When Neelam started her period, she thought she was dying like her mother

The subject of periods and menstruation is even more taboo for India's girls than defecation - many have no idea what is happening when the bleeding starts.

By Rose George

Neelam is 14 years old. She has a narrow, pretty face. Her hair is long and black. Her uniform has been torn and repaired. Unusually for an Indian schoolgirl – at least the ones I have met – she has bare legs. Neelam goes to school in a place a dozen kilometres outside Gwalior, in Madhya Pradesh, India. I have met hundreds of schoolchildren over the years. I have attended dozens of sanitation-related training sessions in dozens of schools. I have heard dozens of hygiene-related songs that children have learned by heart and sing charmingly. I don’t remember many names or individual faces. But Neelam will stay in my mind for a long time and this is why.

I have been thinking, researching, writing and talking about sanitation since 2006. Six years of shit, toilets, sewage, faeces, excrement, poop, squits, loosies, diarrhoea. I have loved it and it is a privilege, and with 2.5 billion people still without a toilet, I will keep doing it and highlighting it for as long as I am useful. Two weeks ago, I joined the Great Wash Yatra, a sanitation and hygiene themed carnival that will travel for 2,000km across rural India, from Maharashtra to Bihar, hoping to engage people about the deadliness of diarrhoea and the importance of handwashing with fun and games. I knew India’s doleful sanitation statistics already: of a population of over a billion, nearly 700 million still have no toilet, and defecate on roadsides, in bushes, wherever they can.

But until coming on the Great Wash Yatra, I had not thought hard about an aspect of sanitation that is even more taboo than talking shit: Periods. Blood. Chumming, as they say in urban India. Even so I am an expert in it; every woman is. Every woman whether in a developing or developed country, whether there is “Always” available or always no decent sanitary protection (pad, towel, or cloth) available, has stories about their menstruation. Mine: a girl sitting down under a tree at school when we were 13 or so, and her skirt rode up and the rest of us whispering “she’s started”. Another, earlier memory: a teacher at my boarding school when I was nine telling us about periods but calling them “the visitors”. A friend’s 12-year-old daughter, having her second ever period, who didn’t know that she should change her sanitary pad, and who had blood-soaked socks by the end of the day. I am guessing that every woman has thought hard about wearing white trousers during their period; that every one has at least one humiliating experience of leaking through her pants, maybe onto upholstery. I have (it was in an Indian restaurant in Paris, 10 years ago, and it still profoundly embarrasses me). I have ingested probably tons of painkillers over the years; used hot-water bottles for cramps thousands of times; had to avoid high bridges during the couple of days every month when my hormones turn against me, viciously, and oblivion seems a relief from the inexplicable anger, depression that is overwhelming.

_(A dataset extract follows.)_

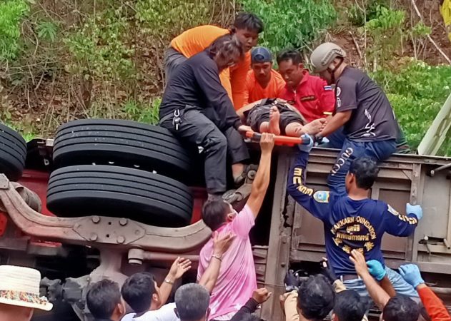 วันนี้ 03 มิ.ย. 2566 ผู้สื่อข่าวรายงานว่า พนักงานสอบสวน สภ.ศรีสวัสดิ์ จ.กาญจนบุรี ได้รับแจ้งจากศูนย์วิทยุ 191 ว่าเกิดอุบัติเหตุรถทัวร์นำเที่ยว 2 ชั้นเสียหลักพลิกคว่ำที่บริเวณทางลงเนินเขาตับเต่า ท้องที่หมู่ 4 ต.ท่ากระดาน อ.ศรีสวัสดิ์ จ.กาญจนบุรี หลังรับแจ้งจึงรายงานผู้บังคับบัญชาทราบโดยร้อยโททศพล ไชยโกมินทร์ ผู้ว่าราชการจังหวัดกาญจนบุรี นายธนยศ หิรัญเนตร นายอำเภอศรีสวัสดิ์ ได้สั่งการให้ นายภาณุ ทองปนแก้ว ปลัดอำเภอศรีสวัสดิ์ นำกำลังเจ้าหน้าที่อำเภอศรีสวัสดิ์ ไปให้ความช่วยเหลือ ร่วมกับนายประวัฒน์ พวงทอง หัวหน้าอุทยานแห่งชาติเอราวัณ พร้อมกำลังเจ้าหน้าที่อุทยานแห่งชาติเอราวัณ และกำลังเจ้าหน้าที่มูลนิธิพิทักษ์กาญจน์ หลายสิบนาย นำอุปกรณ์เครื่องตัดถ่างและเปลไปลำเลียงนำผู้บาดเจ็บส่งไปรักษาเบื้องต้นที่โรงพยาบาลที่อยู่ใกล้เคียง ซึ่งประกอบด้วย รพ.ท่ากระดาน และ รพ.ส่งเสริมสุขภาพตำบลบ้านเอราวัณ จากนั้นจึงลำเลียงผู้ได้รับบาดเจ็บส่งไปรักษาต่อที่โรงพยาบาลพหลพลพยุหเสนา ซึ่งเป็นโรงพยาบาลประจำจังหวัดกาญจนบุรี

But even so, even when I was 13, I knew what periods were. I knew what to expect.

At a school near the Yatra carnival site, about 60 of Neelam’s classmates gathered in a classroom. They sat neatly on the floor, some of them on scraps of hessian bags. Unusually, they wore a mixture of uniforms. The regular school uniform was a red kurta (long tunic), white trousers, and a white dupatta (scarf). But other girls were in their own clothes, others in blue and checked outfits. They were quiet and attentive. I think they are used to outsiders coming and telling them things they are supposed to do. Wash hands. Don’t toilet outside. Be cleaner, healthier, better.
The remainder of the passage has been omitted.